Trump’s influence will not dissipate until democratic institutions formally confirm misconduct, for example with a court conviction. In the meantime, the Republican Party is continuing his antidemocratic agenda at the state level and upholding his personality cult. History shows that such a course of action rarely ends well. Strongmen leaders, and personalist rulers in particular, have left a trail of devastated parties and institutions behind them. The GOP will likely eventually meet a similar fate. It is up to us to ensure that it does not drag our democracy down with it.
"The leader cults and patronage networks personalist rulers build can prove enduring even if they are forced to leave office. If they maintain control over their parties and retain their bond with followers, they can return to office, as Berlusconi did in 2008 and Trump may do in 2024." Ruth Ben Ghiat. Exactly 100%!
Unless Trump is convicted and jailed for his years of corruption or beset by health issues he will almost certainly be the GOP nominee for President in 24. We see that his power and influence over the GOP is growing by the day. His corruption extends to the grass roots and he is installing operatives loyal to him or he is backing primary challenges to so called RHIOs. In several states around the country, increasingly, we see that local parties and state officials are lining up behind Trump and embracing his Big Lie. His leader cult is thriving. I believe Berlusconi is the example that best predicts Trump's future in American politics, which suggests a return to power.
That nightmare scenario is made possible by the new recently passed voter suppression laws that not only make it harder to vote in all sorts of ways for minority populations, but more insidiously strip power away from local and county election boards and secretaries of state so election results can go uncertified if a democrat wins. Partisan officials loyal to Trump might say with all the irregularities and fraud being talked about (never mind there is no actual evidence) we just can't vote to certify these election results. If that playbook is repeated in three or four other states where the new suppression were passed, Biden could be denied his electors and Trump could win! The country would be in throes of autocracy and led by a dangerous authoritarian cult of personality.

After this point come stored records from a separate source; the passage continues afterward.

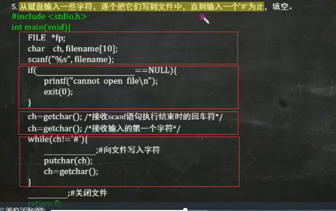 提示:fputc(ch, fp)把字符ch写到fp指向的文件中。
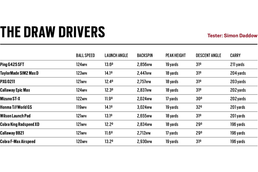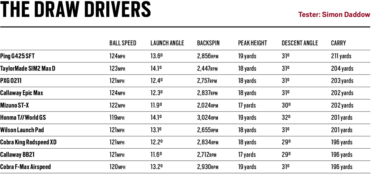 Launch monitor data from our 2021 draw drivers test.
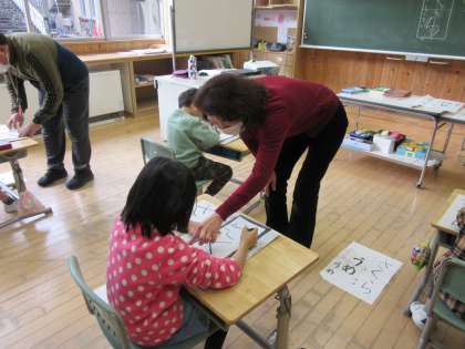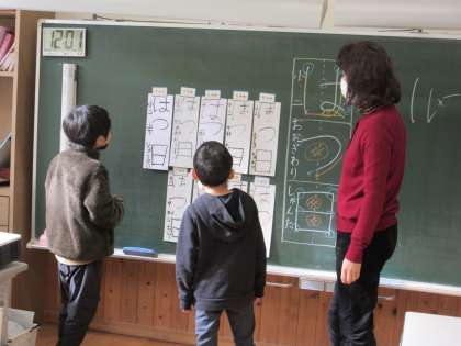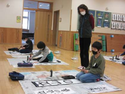 大石先生をお招きしての書初め指導がありました。4年生は、文字の大きさを考えながら書きました。低学年では、硬筆墨を使った書き方のこつを教わりました。大きく、力強く書けるようこれからも練習していきます。
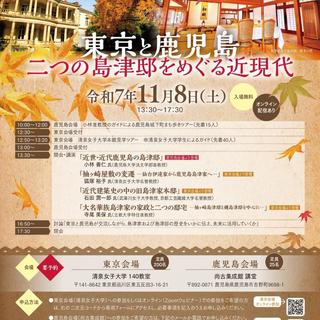 清泉女子大学(東京都品川区)は11月8日(土)、鹿児島大学(鹿児島県鹿児島市)との共同シンポジウム「東京と鹿児島 二つの島津邸をめぐる近現代」を開催する。現在は清泉女子大学の本館として使用されている、建築家のジョサイア・コンドルが手掛けた本邸と、鹿児島市の磯にあった本邸というふたつの島津邸を通して、島津家の歴史や同家に関わった人々、島津家の行った事業などについて考察するとともに、多くの鹿児島出身者が活躍の舞台とした東京と鹿児島の繋がりについて考え、将来を展望する。東京会場(清泉女子大学)・鹿児島会場(尚古集成館)の2会場とオンラインで実施予定。また、清泉女子大学では本館見学ツアーを、鹿児島では城下町まち歩きツアーを行う。一般参加も可能、参加無料(定員:東京会場200名、鹿児島会場25名)。要申し込み(各ツアーは先着順)。

Another really great essay Ruth. THANK YOU! I sit here in Toronto watching democracy unravel in the USA like a well-worn, but much loved sweater. The very people who need to read your work and attend your zoom seminars are transfixed on Facebook posts and Fox News. Of course, they will hate someone like me for saying this - they have drunk the Kool Aid and nothing will stop them. Adding to this is the speed of which this unravelling is happening. It’s been 6 months from the catastrophic event of January 6th (aka the attempted coup) and Trump is spinning even more egregious lies than he did as president. Sadly, the fascism train has left the station and the authoritarian racehorse has left the stable. I just hope that the Justice Department or the NY State District Attorneys office is able to put Trump and his gang behind bars…so that he can’t run for office again. Time will tell.